We append the minimum value to the result and increment the index of the array from which we picked the element.
We continue this process until all arrays are exhausted.

Time Complexity:

The time complexity is O(N * k), where N is the total number of elements across all arrays, and k is the number of arrays. In each iteration, we perform a constant number of comparisons for each array.

Space Complexity:

The space complexity is O(1) as we do not use any additional data structures besides the input and output arrays.

Solution 4: Divide and Conquer, O(`1`) Space and O(`N log k`) Time Complexity

We can achieve O(1) space complexity and O(N log k) time complexity by using a modified divide and conquer approach. We’ll repeatedly merge pairs of sorted arrays until we have a single merged array.

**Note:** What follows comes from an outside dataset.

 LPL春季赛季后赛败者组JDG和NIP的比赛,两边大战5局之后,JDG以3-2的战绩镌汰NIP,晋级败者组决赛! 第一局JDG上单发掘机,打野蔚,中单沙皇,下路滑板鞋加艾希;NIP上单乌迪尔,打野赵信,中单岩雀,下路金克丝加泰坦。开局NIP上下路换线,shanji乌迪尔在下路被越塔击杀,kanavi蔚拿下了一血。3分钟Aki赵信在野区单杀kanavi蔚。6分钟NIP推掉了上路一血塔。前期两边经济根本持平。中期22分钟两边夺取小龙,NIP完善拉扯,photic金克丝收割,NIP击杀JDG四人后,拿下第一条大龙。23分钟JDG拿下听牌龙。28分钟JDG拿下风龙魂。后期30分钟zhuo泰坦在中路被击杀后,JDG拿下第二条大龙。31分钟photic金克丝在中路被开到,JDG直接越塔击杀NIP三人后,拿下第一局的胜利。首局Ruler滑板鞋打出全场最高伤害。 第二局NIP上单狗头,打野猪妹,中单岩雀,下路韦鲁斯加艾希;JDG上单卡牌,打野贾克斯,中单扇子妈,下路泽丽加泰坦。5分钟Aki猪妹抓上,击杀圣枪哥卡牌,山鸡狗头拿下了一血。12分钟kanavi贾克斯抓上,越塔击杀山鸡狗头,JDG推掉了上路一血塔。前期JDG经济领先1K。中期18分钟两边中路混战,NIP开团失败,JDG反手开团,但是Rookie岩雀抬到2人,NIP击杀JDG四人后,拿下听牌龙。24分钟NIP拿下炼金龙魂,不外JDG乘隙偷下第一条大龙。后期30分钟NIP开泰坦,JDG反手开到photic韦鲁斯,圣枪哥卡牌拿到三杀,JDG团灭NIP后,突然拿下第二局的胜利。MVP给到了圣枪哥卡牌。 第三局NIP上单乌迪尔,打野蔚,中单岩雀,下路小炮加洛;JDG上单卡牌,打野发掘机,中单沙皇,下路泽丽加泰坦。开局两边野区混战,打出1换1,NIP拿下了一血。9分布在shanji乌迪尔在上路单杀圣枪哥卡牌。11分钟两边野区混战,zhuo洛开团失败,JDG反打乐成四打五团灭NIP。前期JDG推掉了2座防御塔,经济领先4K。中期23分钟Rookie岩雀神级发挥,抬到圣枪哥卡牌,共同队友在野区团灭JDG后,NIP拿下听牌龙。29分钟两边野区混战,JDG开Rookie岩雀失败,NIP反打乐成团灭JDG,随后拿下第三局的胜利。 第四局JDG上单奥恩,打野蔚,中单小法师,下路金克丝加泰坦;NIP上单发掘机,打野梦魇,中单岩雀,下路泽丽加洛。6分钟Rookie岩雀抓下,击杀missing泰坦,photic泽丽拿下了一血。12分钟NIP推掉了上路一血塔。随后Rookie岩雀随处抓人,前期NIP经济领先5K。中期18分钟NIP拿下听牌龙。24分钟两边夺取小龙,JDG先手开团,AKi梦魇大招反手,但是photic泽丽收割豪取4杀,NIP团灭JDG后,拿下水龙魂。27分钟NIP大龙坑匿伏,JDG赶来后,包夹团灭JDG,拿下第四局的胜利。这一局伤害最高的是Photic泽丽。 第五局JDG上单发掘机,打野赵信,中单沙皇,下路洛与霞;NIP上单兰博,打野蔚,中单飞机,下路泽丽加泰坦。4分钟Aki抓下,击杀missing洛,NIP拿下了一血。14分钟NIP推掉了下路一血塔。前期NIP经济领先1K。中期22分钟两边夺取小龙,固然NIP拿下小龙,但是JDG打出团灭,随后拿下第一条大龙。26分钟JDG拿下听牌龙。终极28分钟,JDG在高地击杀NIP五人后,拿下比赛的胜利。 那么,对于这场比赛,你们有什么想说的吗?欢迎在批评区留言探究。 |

Here’s the implementation:

from typing import List

def merge_sorted_arrays(arrays: List[List[int]]) -> List[int]:
    # Check if the list of arrays is empty
    if not arrays:
        return []

    # Define a helper function to merge two sorted arrays
    def merge_two_arrays(arr1: List[int], arr2: List[int]) -> List[int]:
        result = []
        i = j = 0

        # Merge elements from arr1 and arr2 in sorted order
        while i < len(arr1) and j < len(arr2):
            if arr1[i] < arr2[j]:
                result.append(arr1[i])
                i += 1
            else:
                result.append(arr2[j])
                j += 1

        # Append remaining elements, if any
        result.extend(arr1[i:])
        result.extend(arr2[j:])
        return result

    # Repeatedly merge pairs of arrays until only one array remains
    while len(arrays) > 1:
        merged_arrays = []

        # Merge pairs of arrays
        for i in range(0, len(arrays), 2):
            if i + 1 < len(arrays):
                merged = merge_two_arrays(arrays[i], arrays[i + 1])
            else:
                # If there is an odd number of arrays, keep the last array as is
                merged = arrays[i]
            merged_arrays.append(merged)

        arrays = merged_arrays

    # The final result is the merged array
    return arrays[0]

# Example usage:
arrays = [
    [1, 3, 5],
    [2, 4, 6],
    [0, 7, 8]
]

result = merge_sorted_arrays(arrays)
# Merged Sorted Array: [0, 1, 2, 3, 4, 5, 6, 7, 8]
assert result == [0, 1, 2, 3, 4, 5, 6, 7, 8]
print(result)

Explanation:

The merge_two_arrays function merges two sorted arrays into a single sorted array.
The main function repeatedly merges pairs of arrays until only one array remains.

Time Complexity:

The time complexity is O(N log k), where N is the total number of elements across all arrays, and k is the number of arrays. In each iteration, we perform O(N) comparisons, and we repeat this process log k times.

Here is the breakdown:

Merging Pairs of Arrays:
- In each iteration of the main loop, we merge pairs of sorted arrays. The number of comparisons made during this merging step is proportional to the total number of elements across all arrays, denoted as N.
- Therefore, the time complexity for merging pairs of arrays is O(N).
Number of Iterations:
- In each iteration, the number of remaining arrays is reduced by half. The iterations continue until only one array remains.
- The number of iterations is log k, where k is the number of arrays.
Overall Time Complexity:
- The overall time complexity is O(N log k), where N is the total number of elements across all arrays, and k is the number of arrays.
- This is because we perform O(N) work in each of the log k iterations.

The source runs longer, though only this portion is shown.